● **What to work on**
In the entries below, find the line with "着用するだけで上品で大人可愛" and the line with "He was allegedly"; reproduce those two lines and all lines between them exactly, without pictures.

● **Records excerpted from a collection**
"""
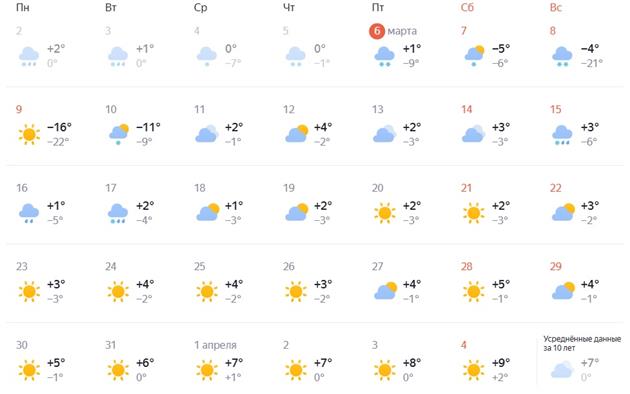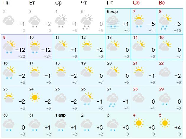 Однако праздничные выходные ознаменовались морозной погодой, которая продержится до 10 марта. Температура воздуха опустится до -28 градусов. Но уже 11 числа стартует потепление. Гидрометцентр сообщает, что ожидается до +2 градусов днем и снег с дождем. Ночью будет -3 градуса. 12 марта выглянет солнце и станет еще теплее: +3 градуса.
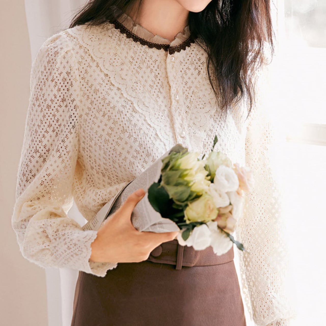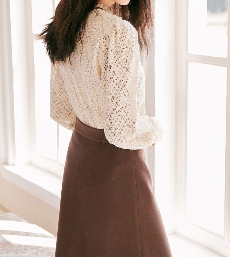着用するだけで上品で大人可愛い雰囲気が漂うスタンドネックエレガントレースブラウス。
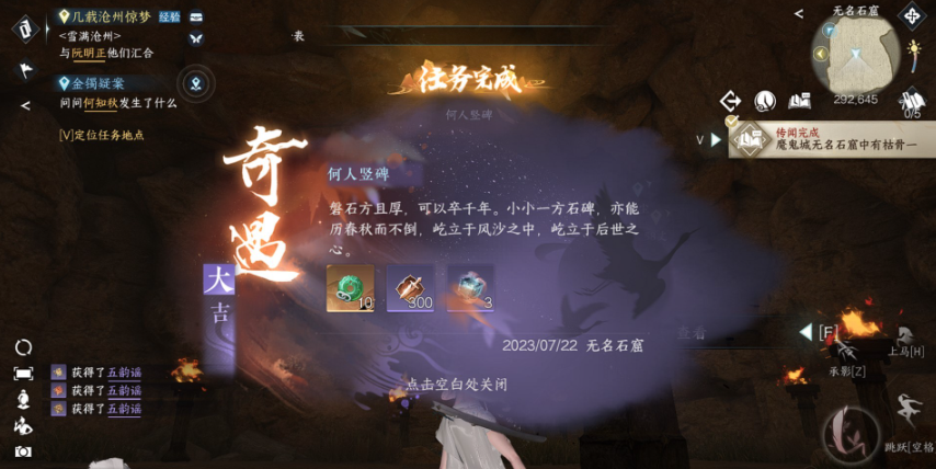 给无名前辈立碑,完成奇遇【何人立碑】。
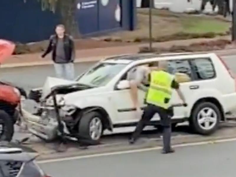 He was allegedly given numerous directions to remain in one of the damaged vehicles, but he continued to attempt to get out by kicking the door into the officer.
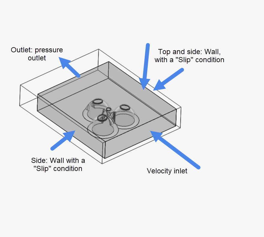 My project is a cluster of vernacular huts and I am studying the ventilation patterns in order to find optimal locations for inlets and outlets. I am currently using the convective heat transfer simulation to test this. I have set up an external flow volume through the software, but I am still having trouble fully understanding how this works ( so their might be error in that part). I modeled my design in rhino, and to keep my project as clean as possible, I Boolean differenced my project into a solid block in order for simscale to process my project as one whole solid.
"""
● **Reply**
着用するだけで上品で大人可愛い雰囲気が漂うスタンドネックエレガントレースブラウス。
 给无名前辈立碑,完成奇遇【何人立碑】。
 He was allegedly given numerous directions to remain in one of the damaged vehicles, but he continued to attempt to get out by kicking the door into the officer.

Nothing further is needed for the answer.